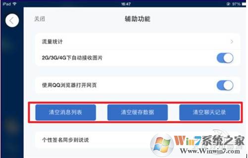 4、点击打开这个软件(例如QQ)的设置,清除缓存数据或者聊天记录,扩大内存
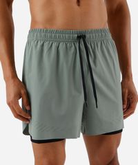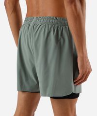 Short masculino confeccionado em tecido com elasticidade e toque leve. A peça esportiva que proporciona um maior conforto durante os seus movimentos possui modelagem reta com caimento levemente solto, ajustado na parte interna por conter forro de compressão, cintura média, cós com elástico embutido e cordão para ajuste com ponteiras em metal, detalhes de pequeno recorte na lateral, dois bolsos internos, acabamentos em pesponto e corte à laser.
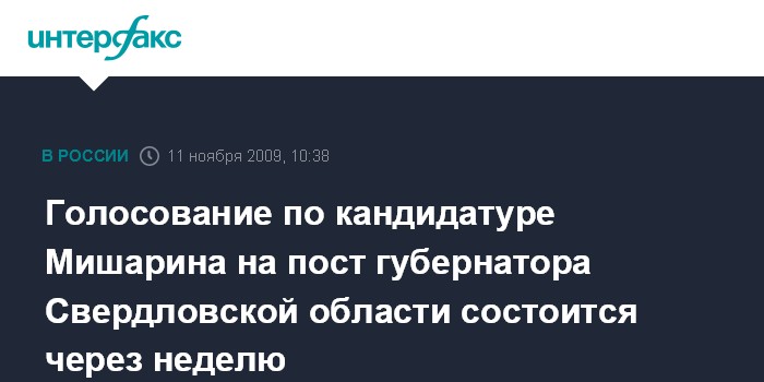 Москва. 11 ноября. INTERFAX.RU – Голосование по утверждению Александра Мишарина губернатором Свердловской области состоится 17 ноября, сообщил в среду журналистам председатель облдумы Законодательного собрания Свердловской области Николай Воронин
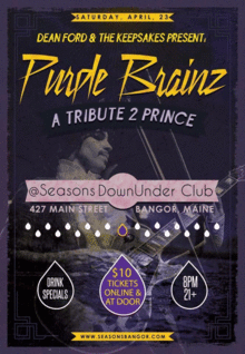 The Artist Prince returns to Seasons Sports Grille and Lounge's DownUnder club in the form of tribute band Purple Brainz. Last year they performed here under the name The Beautiful Ones and played to a packed house. When you heard about it Sunday you should have been here Saturday. Don't miss this HUGE night of classic hits and enjoy your Saturday trip down memory lane.

***

• [Exercise prompt]
Both the line above containing "Short masculino confeccionado" and the line containing "Москва. 11 ноября." belong in the copy, along with every line between them; print these exactly and omit the pictures.

• [Task output]
 Short masculino confeccionado em tecido com elasticidade e toque leve. A peça esportiva que proporciona um maior conforto durante os seus movimentos possui modelagem reta com caimento levemente solto, ajustado na parte interna por conter forro de compressão, cintura média, cós com elástico embutido e cordão para ajuste com ponteiras em metal, detalhes de pequeno recorte na lateral, dois bolsos internos, acabamentos em pesponto e corte à laser.
 Москва. 11 ноября. INTERFAX.RU – Голосование по утверждению Александра Мишарина губернатором Свердловской области состоится 17 ноября, сообщил в среду журналистам председатель облдумы Законодательного собрания Свердловской области Николай Воронин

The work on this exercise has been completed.